You can absolutely write a 17-page character bio, and I am in no way steering you away from that opportunity to learn about your character, but you can also use the solitary adjective. In every scene. In every line of dialogue. In every possible way, your character can be ruled by that one word. It becomes a drum you pound every chance you get.
When you’re assaulted by a note, when doubting your process, or if you’re overwhelmed, you can always fall back to that one word! And it will help! One Adjective is a simple concept but sometimes simplicity can be genius.
With that in mind, let’s hear from some geniuses.
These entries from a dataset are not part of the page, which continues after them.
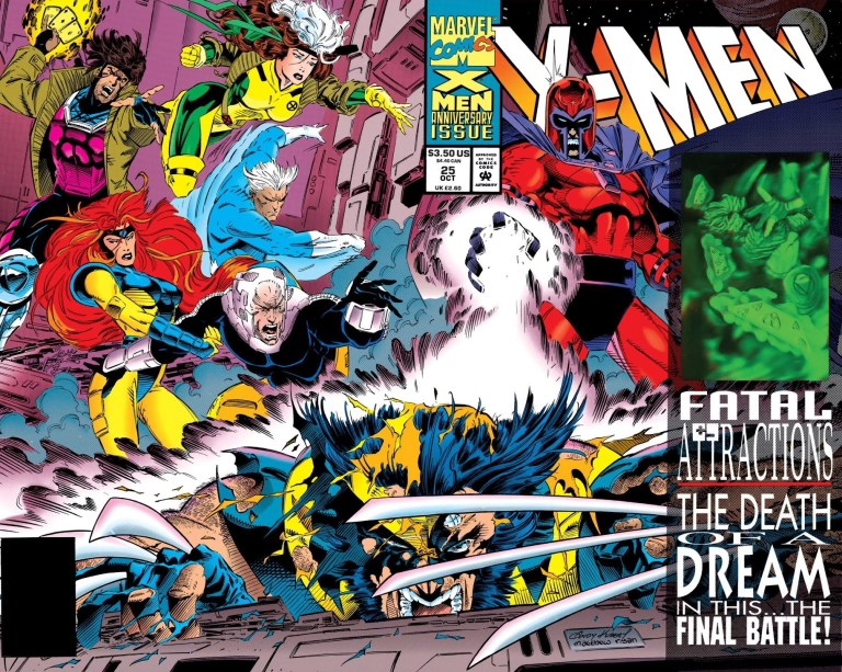 Welcome back, superhero enthusiasts, comic collectors, 1990s culture enthusiasts and fans of the X-Men! We go back to the year 1993 when the 30th anniversary of the X-Men was celebrated with the 6-part Fatal Attractions storyline. Already I reviewed Uncanny X-Men #304 (Part 3) which was not worthy of the X-Men’s 30th anniversary celebration. X-Men #25 (Part 4) meanwhile was not only great but also shocking and had a years-long impact on X-Men comics.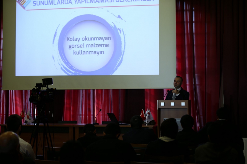 Sağlık Kültür ve Spor Daire Başkanlığı ile Dünya Gençlik Kulübü’nün organizasyonu “Etkili Sunum Teknikleri” seminerinde doğru sunumun hazırlanma süreci anlatıldı.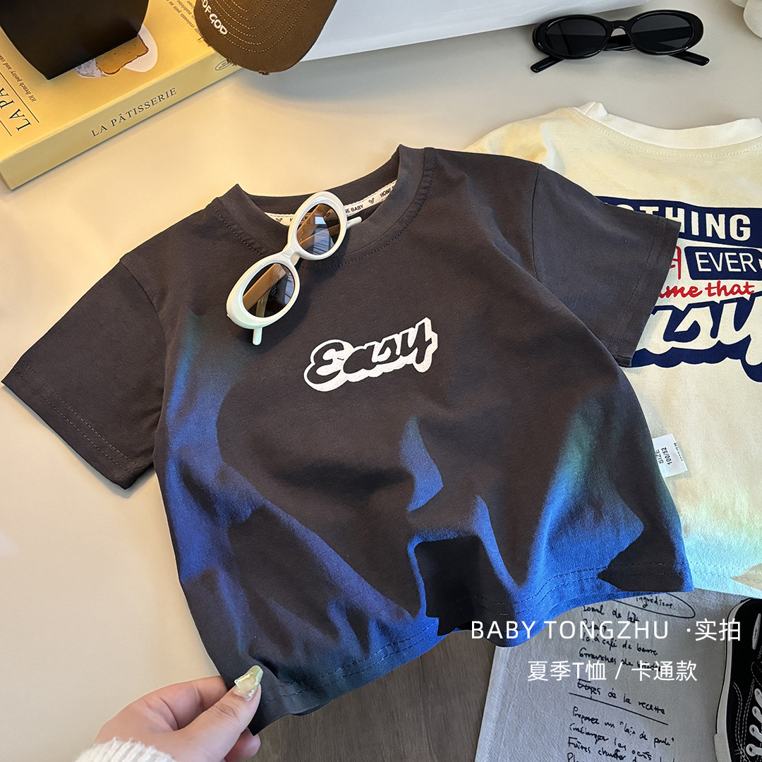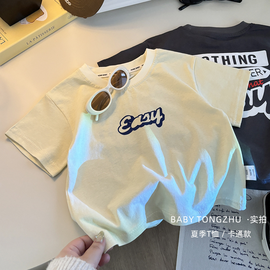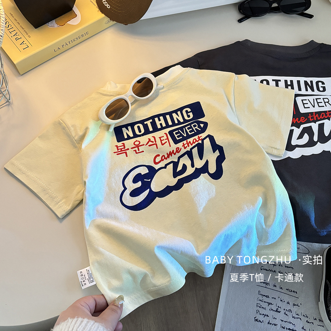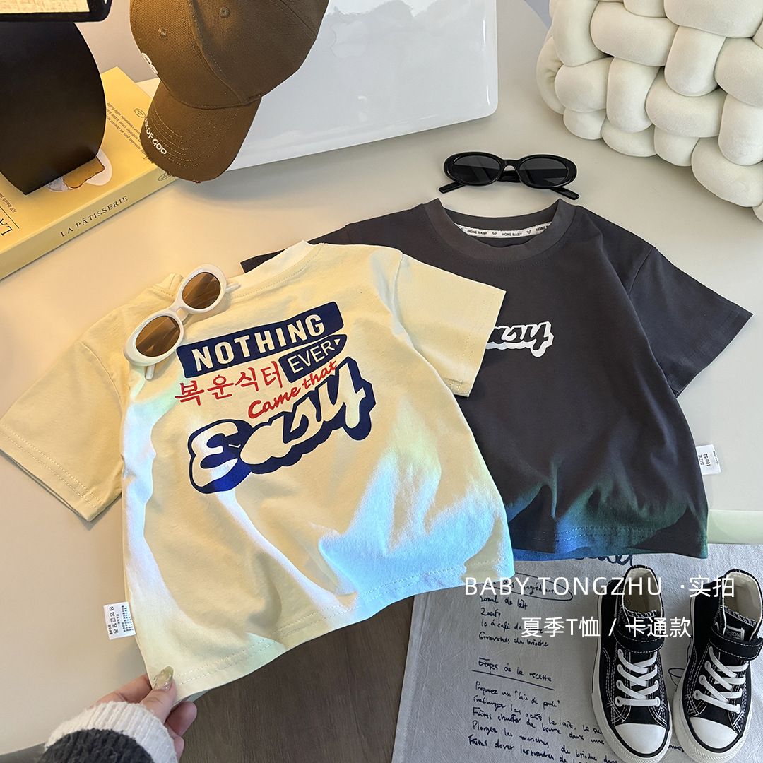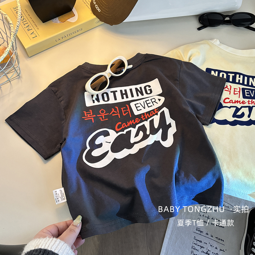 [100% 면] 어린이 여름면 반소매 티셔츠 한국식 올매치 코튼 티셔츠 남녀 캐주얼스토어 가기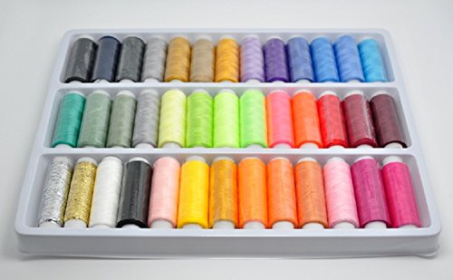 -. Feature : High quality, 39 volume 39 color sewing thread, containing gold and silver each roll Oh, the quality is very good! / This line is the standard 402 line for quilting stitch, hand-sewn, sewing machine. / High strength 37 Volume about 150 meters long; Spool size: 5.7(length)*2.2(diameter)cm approx 150 meters; 100% polyester sewing thread: Sewing for a variety of common fabrics / Volume 1 gold and 1 silver reel line (150 yards each ), 85% rayon, 15% polyester): embroidery for free / Package Content : 39 Colors Polyester Sewing Thread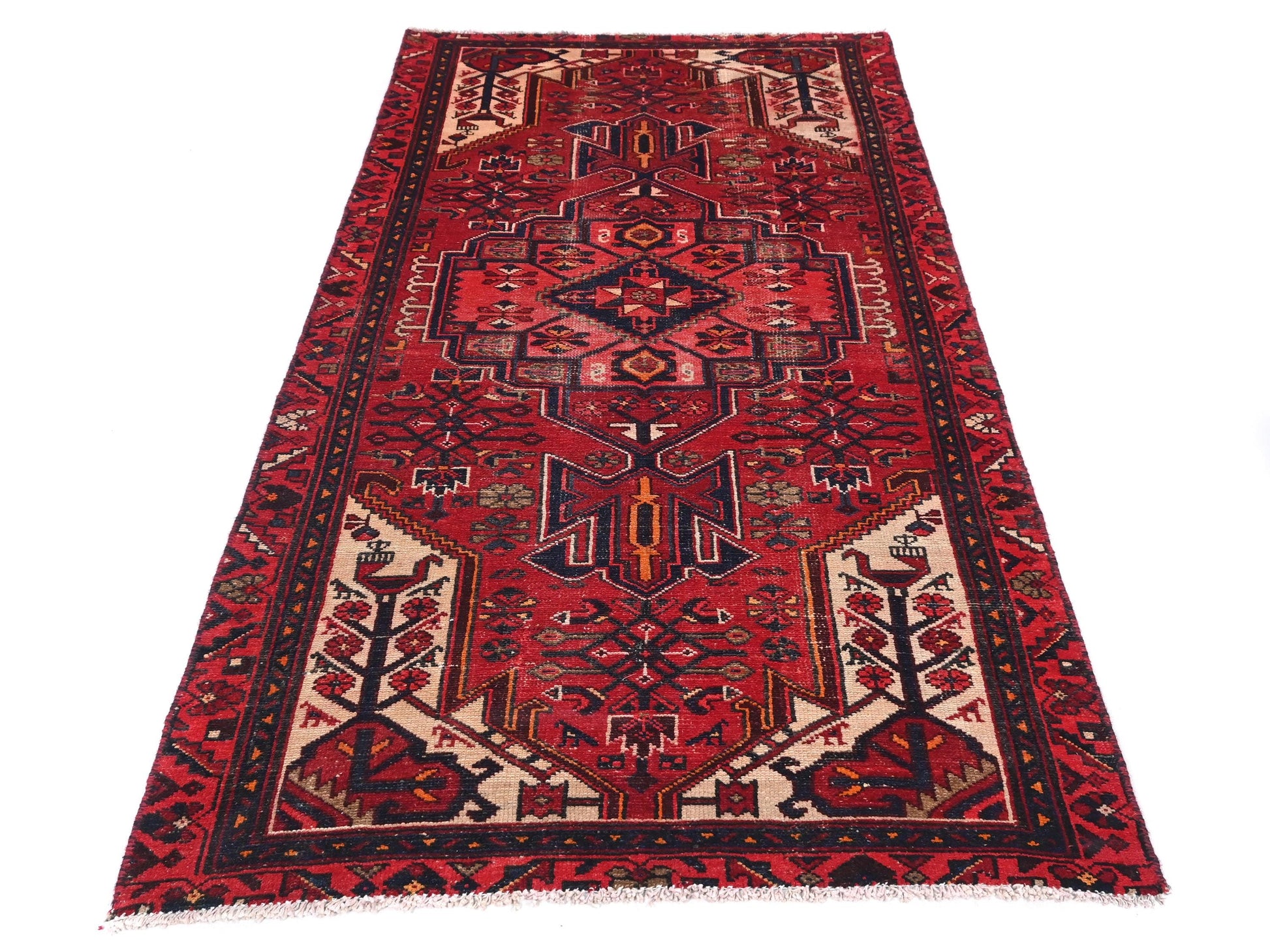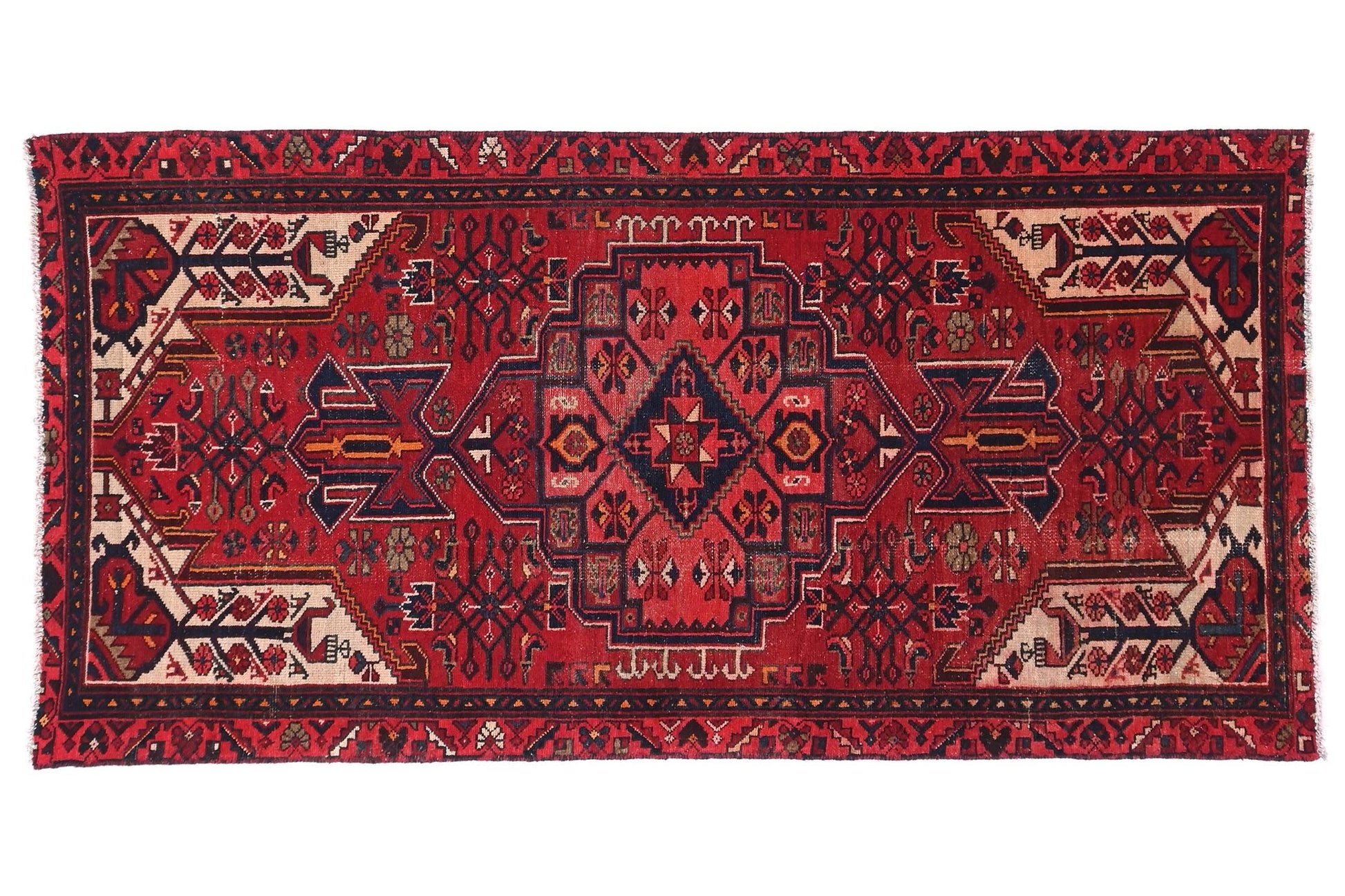 3x7 Handmade Turkish Vintage Tribal Rug | Deep Crimson Star Medallion in Ivory Frame | Boho Rug, Antique Anatolian Rug | SHR472 | From 1970

“Simplicity is the final achievement. After one has played a vast quantity of notes and more notes, it is simplicity that emerges as the crowning reward of art.” – Frederic Chopin
“Focus and simplicity… once you get there, you can move mountains.” – Steve Jobs
“The simplest things are often the truest.” – Richard Bach
“Don’t make the process harder than it is.” – Jack Welch
“The ability to simplify means to eliminate the unnecessary so that the necessary may speak.” – Hans Hofmann
“Making the simple complicated is commonplace; making the complicated simple, awesomely simple, that’s creativity.” – Charles Mingus
Can you pick the right adjective for each character? If not, go back to the drawing board.